GAIO, a true Difference Maker Organization!

Interview with Jacqueline Prairie

1)     What does GAIO do?

GAIO is a one girl show, and I am building a modern library in a very rural area of eastern Ghana. This is a regular modern library here but is totally unlike anything they have there. The purpose of this is to make the library and learning fun. They don’t have internet access and the children are not encouraged to attend school or learn. We are hoping to create a cultural center and a living library in one. Now, through our partnership with UCSD’s Jacob School of Engineering, the building will use the latest in sustainability / renewable resources.  They are assigning teams of Engineering students to design the green aspect.  Therefore the library will also be a starship showcasing green technology. Helping locals learn more about green technology. The project will be the first of its kind in the region. The library could potentially impact 20,000 children.

 

 

2)     When did you first begin your work with GAIO/in Ghana?
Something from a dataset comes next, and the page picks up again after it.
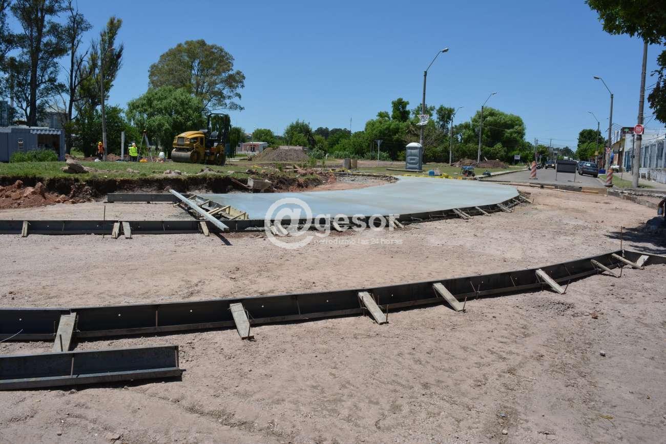 Comenzó a conformarse la calzada de hormigón armado en torno a la rotonda de Luis A. de Herrera y Wilson Ferreira Aldunate.

The long version is that I went to Africa when I was 20 and saw the differences between our opportunities in North America versus what opportunities they have available to them. I have been haunted with a sense of inability to help but really feeling the need to do something. As my career progressed I started working on big projects and the light bulb struck that education and access to information really could do something powerful there. I started doing research in 2008 to see what I could do to bring education to those who didn’t have access. I found that in many countries the government provides schools and that wasn’t really what I was looking to do. In 2008, I met a man who said he would grant me a piece of land, which was in Ghana and I met with the Regional Chief of the area who had been hoping to start a library for the past 10 years. So now we have the land, architectural plans and the walls are up!

 

3)     What has been your most rewarding experience in your work in Ghana?

The smiles on the children’s faces is absolutely the most rewarding. While I am not working with them directly, I am working with architects, chief of Foreign Affairs etc. but while I am walking around children recognize that I am there to help them and greet me with smiles and such kindness. It’s magic. Whenever I am working late and feeling frustrated all I have to remember is the childrens’ faces and I get right back in.
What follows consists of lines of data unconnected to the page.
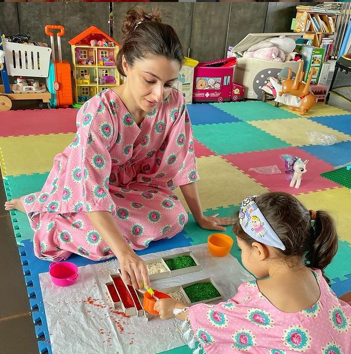 A few hours ago, Soha Ali Khan took to her IG handle and shared a cute picture of her little doll, Inaaya, who can be seen engrossed in making her dollhouse. Dressed in a white dress with pink tassels hanging from the back, Inaaya looked pretty as a doll herself. In the picture, Inaaya arranging her dolls in front of the dollhouse, and we can already see a mini Soha inside her with her management skills.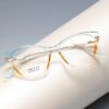 Celeste: Armazón celestre transparente combinado con ocre transparente y patillas doradas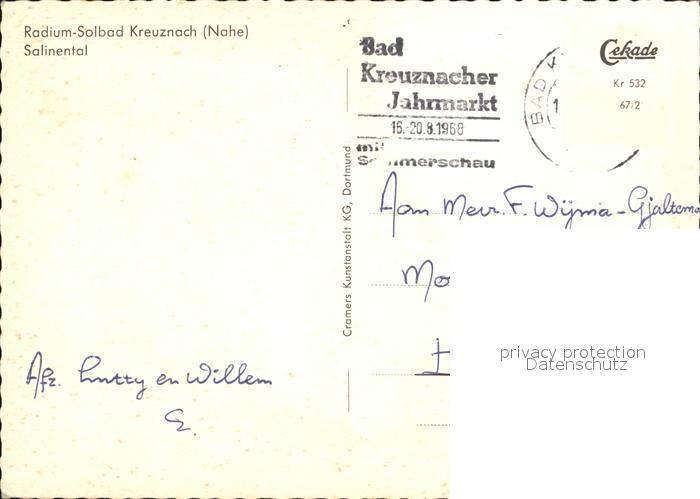 72421059 alte Postkarte Bad Kreuznach Radium Solbad Salinental postalisch gelaufen Erhaltung siehe scans KatCode: 11110007133006

4)     What future projects/dreams do you have on the horizon for GAIO?

As far as the library/cultural center I would love to have seminars to introduce micro-financing, arts, and a variety of live sessions. I have also adopted a school in the region, called Great Vision, the woman running it has 14 small classes teaching several hundred children including 25 orphans, she works from 4 in the morning harvesting food to sell at the market to subsidize the school costs and then goes to the school at 8am. If she did not build this subsidized school, all these children would not obtain education. I am working on a separate project to send money and computers to that school. A child at this particular school could be the next president but not if they didn’t have that school, not if they didn’t have that opportunity.  Please follow the progress on www.gaioworld.org.

 

5)     Have you learned from the people you are reaching out to?
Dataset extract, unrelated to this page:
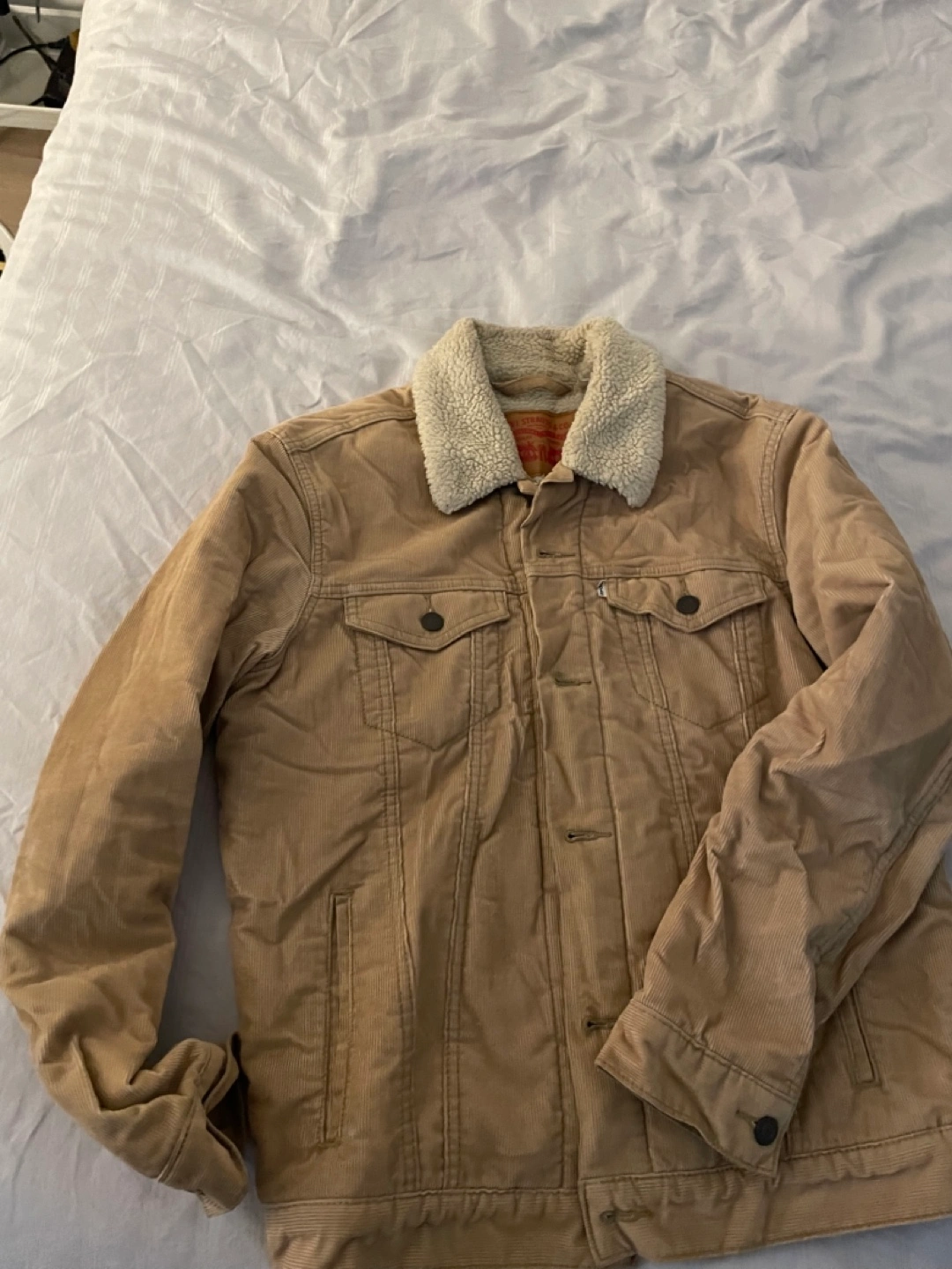 Men's tan corduroy jacket. Sherpa collar. Button closure. Two front pockets. Long sleeves. Good condition.

The first thing that comes to mind is that they work as a community not as individuals not at all like North Americans. Where here it is me, me, me, there it is working together. I was walking with a man to a meeting and we were running late so I started rushing. We saw a group of men struggling to move a shed and instead of worrying about the meeting he handed me his brief case and helped them move the shed. The community comes first, everything is in collaboration. I am trying to teach that along the way, that we are a part of a whole not just individuals walking around. Everything is slower in Africa, which can be frustrating to North Americans, but conversely the relationships are so thick and so deep, it’s amazing. There is a term that I used to laugh about but am now learning to really appreciate “exercise patience”. How respectful the Ghanaians are too, it’s never appropriate to scold people in public there because they all have so much respect for one another. The two qualities I find most prevalent in Ghanaians are respectful and appreciative, which you can imagine makes working there incredibly enjoyable.

 

6)     What were your dreams growing up?

I am an adventurous type, so none of my friends have been surprised by my current projects. One of my dreams was actually to be working in Africa but as a photographer of wild animals. My dreams have always been wild and free but predominantly I have always dreamt there would be more fairness in the world. So what I am currently doing is a collaboration of what I like to do and what I want to do. My African friends are convinced I was African in a previous life.

 

7)     Who do you admire most?

The first person to really inspire me was a woman who owned a riding stable in Montreal. She was just very cool, she was a widow with four young children and in the 1930s she opened a riding school, which in that time women just didn’t do. She was just so strong and did everything the right way.

 

8)     When and how did you learn about Difference Makers?

My next door neighbor had a teenage daughter whose friend was a Youth Ambassador for Difference Makers. He heard about what I was doing and said “Hey you’re a Difference Maker!” and he connected me with this great organization.